» **EXTRACTED RECORDS**

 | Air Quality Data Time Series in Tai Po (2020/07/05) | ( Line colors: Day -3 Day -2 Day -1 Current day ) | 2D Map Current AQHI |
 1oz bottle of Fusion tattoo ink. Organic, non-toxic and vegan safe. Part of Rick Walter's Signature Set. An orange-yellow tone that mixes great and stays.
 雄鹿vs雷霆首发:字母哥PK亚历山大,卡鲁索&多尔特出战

...

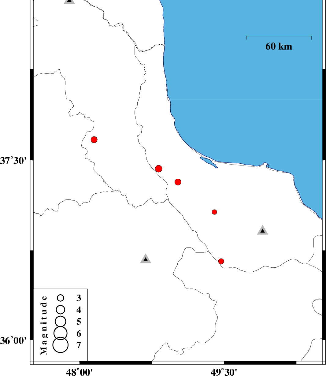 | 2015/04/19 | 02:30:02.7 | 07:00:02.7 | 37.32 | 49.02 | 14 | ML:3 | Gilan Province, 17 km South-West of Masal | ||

...

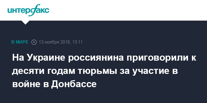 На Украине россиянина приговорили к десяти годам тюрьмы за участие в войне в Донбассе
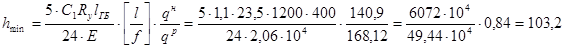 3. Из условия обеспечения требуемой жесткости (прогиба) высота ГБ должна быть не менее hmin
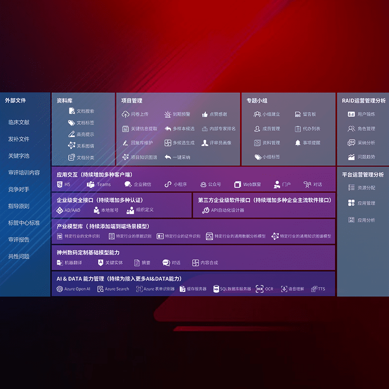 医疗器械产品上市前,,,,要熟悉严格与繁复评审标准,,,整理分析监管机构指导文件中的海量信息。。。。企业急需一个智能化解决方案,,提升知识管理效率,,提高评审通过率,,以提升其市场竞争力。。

» **ASSIGNMENT**
Your answer should be the lines of the listing above between the line holding "Current AQHI |" and the line holding "雄鹿vs雷霆首发:字母哥PK亚历山大,卡鲁索&多尔特出战", inclusive, restated word for word and alone.

» **EXERCISE RESULT**
 | Air Quality Data Time Series in Tai Po (2020/07/05) | ( Line colors: Day -3 Day -2 Day -1 Current day ) | 2D Map Current AQHI |
 1oz bottle of Fusion tattoo ink. Organic, non-toxic and vegan safe. Part of Rick Walter's Signature Set. An orange-yellow tone that mixes great and stays.
 雄鹿vs雷霆首发:字母哥PK亚历山大,卡鲁索&多尔特出战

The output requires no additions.